Improved field emission properties from carbon nanotubes grown onto micron-sized arrayed silicon pillars with pyramidal bases

• A controllable method to enhance field emission from CNTs using micron-sized arrayed silicon pillars with pyramidal bases
• Arrayed silicon pillars contribute to suppressing electric-field-screening among adjacent CNT emitters.
• Improved emission performance could be attributed to the random orientation of CNTs and uneven silicon pillar arrays.

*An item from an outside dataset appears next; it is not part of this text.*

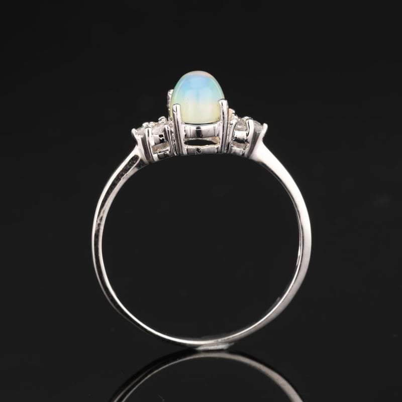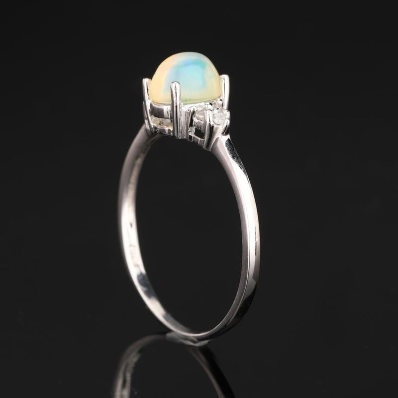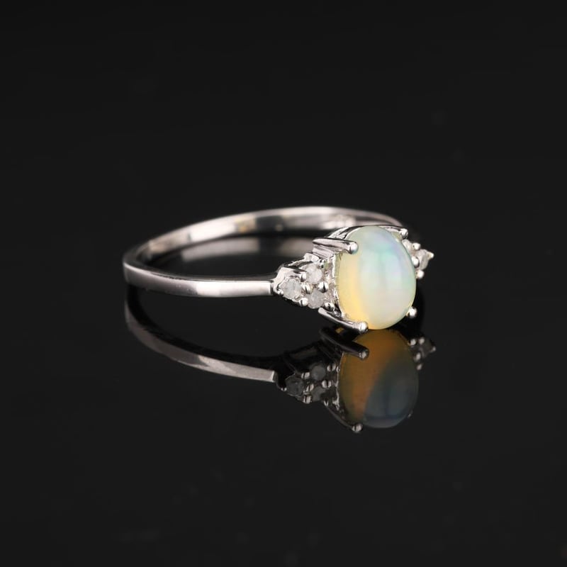 Surrounding the opal, six shimmering round white diamonds, each 1.30mm in size, are meticulously set to enhance the opal's ethereal glow. These diamonds not only add a touch of brilliance but also create a striking contrast that elevates the overall elegance of the ring. Crafted with precision and artistry, this piece is a testament to fine jewelry, designed to be cherished for generations.

Carbon nanotubes (CNTs) were synthesized onto micron-sized arrayed silicon (Si) pillars with pyramidal bases in order to mitigate the electric-field-screening due to densely grown CNTs. Compared with the CNT emitters grown on a flat Si substrate, CNT emitters grown on arrayed Si pillars showed improved field emission properties with a low turn-on field of 2.16 V/μm at 10 μA/cm2 and current density of 550 μA/cm2 at 3.46 V/μm. Field enhancement factor was calculated according to the Fowler–Nordheim theory. The resultant field enhancement factor of CNT emitters on arrayed Si pillars was higher than that of CNT emitters on a flat substrate, which revealed that the formation of arrayed Si pillars could be an effective method to suppress electric-field-screening among adjacent CNT emitters.